Another caveat is that Etiqa “reserves the right to delay the payment of the surrender or partial withdrawal value for up to a period of 6 months from the date of your surrender or partial withdrawal application“.
The crediting rate for your initial premium may change down the road. Initially, the interest rate was at an attractive 2.02%.
It has since lowered to the current rate of 1.8%.
From the policy document, ‘any revision in crediting rates will take effect on the 1st business day of each calendar month’.
There is a high possibility that Elastiq’s interest rate may be lowered in the near future.
So it’s best to sign up for the policy ASAP before they announce any changes to the interest rates!
Is Elastiq Safe?
In case Etiqa goes bankrupt, the surrender value of your policy would be reimbursed, provided that the surrender value is below $100k.

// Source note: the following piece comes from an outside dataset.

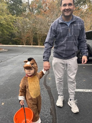 Such a cute costume! It's a little pricey- but Halloween costumes have all gotten so expensive 😩 this one is true to size- my little guy turned 2 last month and the 2T fits him perfectly. The costume is so soft and cozy. We got so many compliments on it at trunk or treat and he absolutely loves it. It really is adorable!
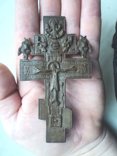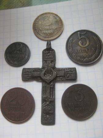 Воскресная находка с огородной межи. Любопытно, что дед - владелец огорода сообщил, что "...когда копали огород, попадались кресты, жетоны всякие. Так, что, ходите, ребяты". И действительно, многое было как раз на меже, куда обычно бросают всякий инородный материал, мешающий вскопке.

I have clarified with the staff and they recognise Elastiq as an individual life policy, and hence Elastiq will have these caps.
How Does Elastiq Compare to SingLife?
The SingLife Account is another insurance savings plan that provides great flexibility as well.
You can read my review on the SingLife Account to find out more about this insurance savings plan.
Comparing the two, SingLife is the clear winner here:
|Interest||2.5% for first $10k, 1% for next $90k||1.8% for initial premium|
|Lock-in Period||None||90 days|
|Min. Daily Balance||$100||$5,000|
|Fall Below Fee||None||$5|
I would recommend you to max out your $10k in SingLife first, before considering Elastiq as another option.
Is Elastiq Right For Me?
Here’s a quick summary of what we’ve discussed so far:
|Able to withdraw money from the account after 90 days||1.8% is only guaranteed for initial premium and not subsequent top-ups|
|Withdrawals are almost instant via PayNow||1.8% is only guaranteed for first 3 years, subject to change from the 4th year onward|
|Mobile app allows checking of balance and making withdrawals on the go||Minimum $5k balance in account required, if not there will be a $5 fall below fee|
|Loyalty bonus of 0.3% if no withdrawal for the past 36 policy months||Withdrawals can only be made with a minimum of $500 and subsequent multiples of $500|
|Capital guaranteed plan||Interest is calculated daily but credited monthly, so you may lose out if you surrender the policy within a month|
|No penalty in surrendering the policy at any time||Unable to repurchase Elastiq after surrendering it|
|Protected by Policy Owners’ Protection Scheme under SDIC||After applying for a full surrender or partial withdrawal, Etiqa reserves the right to delay payment of the surrender or partial withdrawal value for up to 6 months|
|Interest rate for initial premium is subject to change at the start of each month|
Is Elastiq the right plan for you?
I believe that Elastiq is great for your short-term financial goals.
These are usually goals that you intend to achieve in 1-5 years.
Elastiq provides a reasonable interest rate with little risk.
What’s more, by using Elastiq as a separate account, it helps you to separate your savings from your expenses.
However, due to the limited liquidity that Elastiq has, I believe that it should not be used for your emergency funds.
With the withdrawals being limited to multiples of $500, it restricts the flexibility to withdraw any amount that you want.
If you’d like to find out where you should store your emergency funds instead, you can read my article that provides you with some options.
Before signing up for Elastiq, here are 2 things I think you should do first:
- Max out $10k in the SingLife Account
- Have around $2k in the Standard Chartered JumpStart Account
Once you have around $12k settled in those other 2 accounts, you can start to consider using Elastiq for your remaining savings.
The Etiqa Elastiq plan is certainly an intriguing product.
Due to its liquidity issues, you should carefully consider your options before committing to the initial premium.
Despite that, the guaranteed 1.8% for 3 years really stands out and it’s worth considering Elastiq as part of your savings plan.